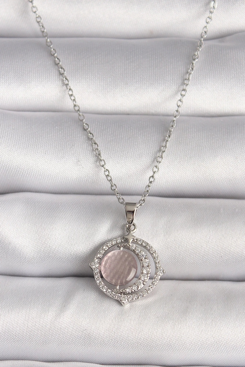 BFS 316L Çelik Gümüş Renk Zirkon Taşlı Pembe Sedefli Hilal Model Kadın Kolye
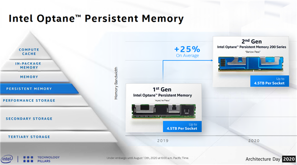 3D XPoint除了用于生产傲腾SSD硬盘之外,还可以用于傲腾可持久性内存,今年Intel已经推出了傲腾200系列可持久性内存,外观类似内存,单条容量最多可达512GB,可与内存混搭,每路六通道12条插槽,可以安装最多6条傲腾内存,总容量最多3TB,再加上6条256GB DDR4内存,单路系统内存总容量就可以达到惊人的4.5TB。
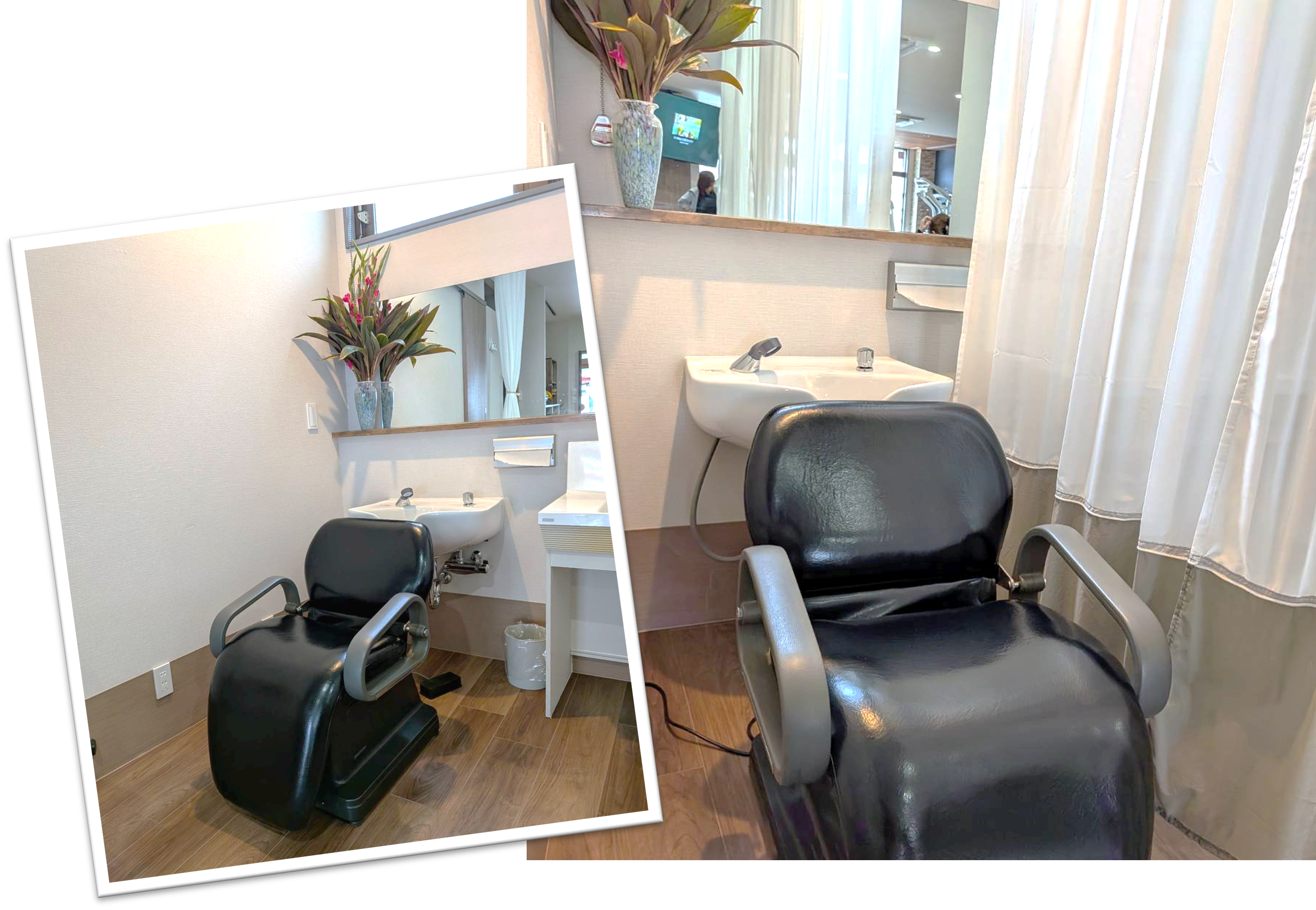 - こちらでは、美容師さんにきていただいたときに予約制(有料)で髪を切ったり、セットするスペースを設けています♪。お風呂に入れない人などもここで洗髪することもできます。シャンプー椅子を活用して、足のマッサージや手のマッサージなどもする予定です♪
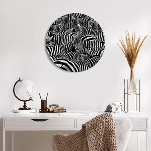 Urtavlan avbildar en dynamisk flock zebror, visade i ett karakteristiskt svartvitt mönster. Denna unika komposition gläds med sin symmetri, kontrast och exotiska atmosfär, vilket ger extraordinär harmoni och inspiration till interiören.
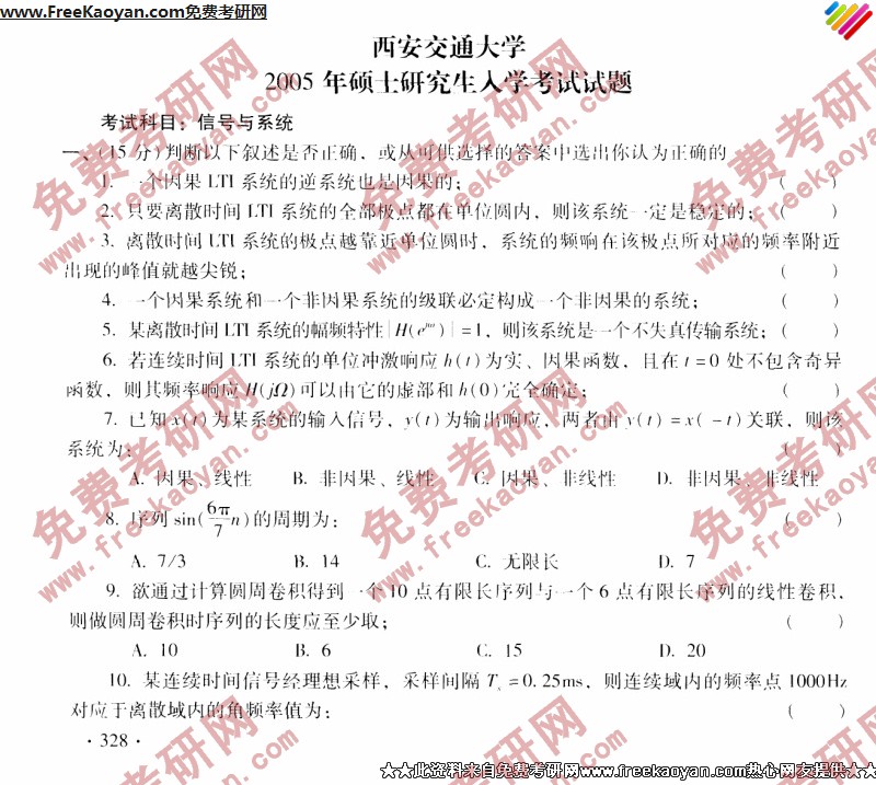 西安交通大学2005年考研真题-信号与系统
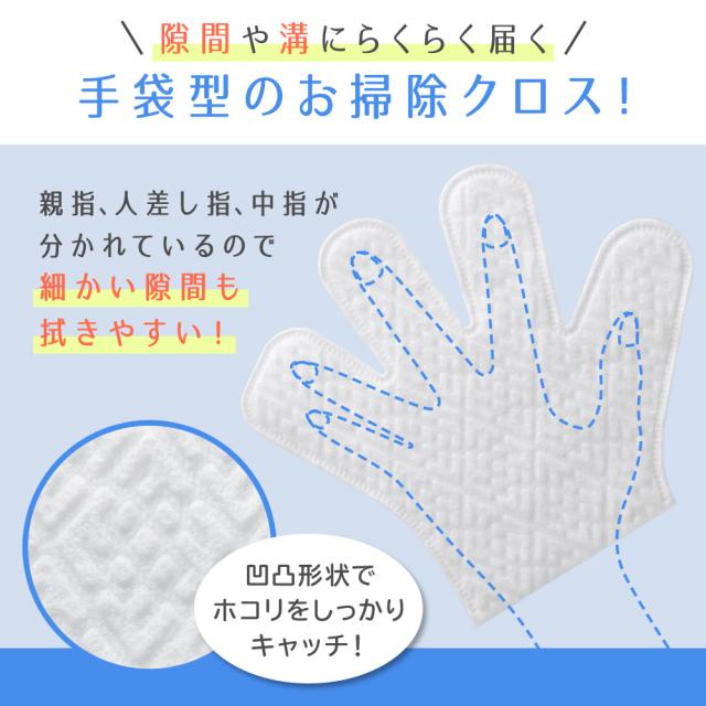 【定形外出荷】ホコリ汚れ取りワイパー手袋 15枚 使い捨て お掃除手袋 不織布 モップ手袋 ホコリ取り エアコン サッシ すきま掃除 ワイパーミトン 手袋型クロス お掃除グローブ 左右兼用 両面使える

——

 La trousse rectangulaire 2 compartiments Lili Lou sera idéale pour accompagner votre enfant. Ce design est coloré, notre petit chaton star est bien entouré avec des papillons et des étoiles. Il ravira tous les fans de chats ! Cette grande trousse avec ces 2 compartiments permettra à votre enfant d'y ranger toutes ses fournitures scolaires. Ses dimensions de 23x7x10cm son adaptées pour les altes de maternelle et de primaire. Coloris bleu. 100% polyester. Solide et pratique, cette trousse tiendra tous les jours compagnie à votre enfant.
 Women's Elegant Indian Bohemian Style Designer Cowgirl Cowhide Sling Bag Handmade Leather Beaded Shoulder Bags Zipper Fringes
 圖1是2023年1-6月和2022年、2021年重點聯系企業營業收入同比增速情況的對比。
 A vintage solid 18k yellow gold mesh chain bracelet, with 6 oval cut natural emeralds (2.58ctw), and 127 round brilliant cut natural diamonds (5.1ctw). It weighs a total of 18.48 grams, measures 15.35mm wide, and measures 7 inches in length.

——

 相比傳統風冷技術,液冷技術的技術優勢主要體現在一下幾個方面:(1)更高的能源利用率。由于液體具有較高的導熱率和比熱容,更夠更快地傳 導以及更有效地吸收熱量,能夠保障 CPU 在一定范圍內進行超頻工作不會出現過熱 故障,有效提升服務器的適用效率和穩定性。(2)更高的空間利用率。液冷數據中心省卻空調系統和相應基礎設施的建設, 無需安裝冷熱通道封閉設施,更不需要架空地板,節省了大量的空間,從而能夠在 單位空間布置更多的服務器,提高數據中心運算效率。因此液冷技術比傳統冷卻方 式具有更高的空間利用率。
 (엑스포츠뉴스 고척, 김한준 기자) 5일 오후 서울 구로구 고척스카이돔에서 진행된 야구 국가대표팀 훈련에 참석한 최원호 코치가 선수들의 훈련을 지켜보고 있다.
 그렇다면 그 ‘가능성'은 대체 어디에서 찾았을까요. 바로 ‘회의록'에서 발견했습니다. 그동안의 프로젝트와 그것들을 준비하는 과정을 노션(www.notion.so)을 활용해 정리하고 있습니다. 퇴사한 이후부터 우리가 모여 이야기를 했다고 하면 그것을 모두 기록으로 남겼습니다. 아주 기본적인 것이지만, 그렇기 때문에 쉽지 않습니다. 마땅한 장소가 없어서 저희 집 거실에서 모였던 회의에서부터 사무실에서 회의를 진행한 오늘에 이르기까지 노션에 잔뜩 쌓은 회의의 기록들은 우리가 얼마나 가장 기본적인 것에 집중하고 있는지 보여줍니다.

——

EXERCISE REQUIREMENTS
Your copy should hold the lines from the one with "BFS 316L Çelik" up to and including the one with "お掃除グローブ 左右兼用 両面使える", exactly as in the data above, and no pictures.

WRITTEN REPLY
 BFS 316L Çelik Gümüş Renk Zirkon Taşlı Pembe Sedefli Hilal Model Kadın Kolye
 3D XPoint除了用于生产傲腾SSD硬盘之外,还可以用于傲腾可持久性内存,今年Intel已经推出了傲腾200系列可持久性内存,外观类似内存,单条容量最多可达512GB,可与内存混搭,每路六通道12条插槽,可以安装最多6条傲腾内存,总容量最多3TB,再加上6条256GB DDR4内存,单路系统内存总容量就可以达到惊人的4.5TB。
 - こちらでは、美容師さんにきていただいたときに予約制(有料)で髪を切ったり、セットするスペースを設けています♪。お風呂に入れない人などもここで洗髪することもできます。シャンプー椅子を活用して、足のマッサージや手のマッサージなどもする予定です♪
 Urtavlan avbildar en dynamisk flock zebror, visade i ett karakteristiskt svartvitt mönster. Denna unika komposition gläds med sin symmetri, kontrast och exotiska atmosfär, vilket ger extraordinär harmoni och inspiration till interiören.
 西安交通大学2005年考研真题-信号与系统
 【定形外出荷】ホコリ汚れ取りワイパー手袋 15枚 使い捨て お掃除手袋 不織布 モップ手袋 ホコリ取り エアコン サッシ すきま掃除 ワイパーミトン 手袋型クロス お掃除グローブ 左右兼用 両面使える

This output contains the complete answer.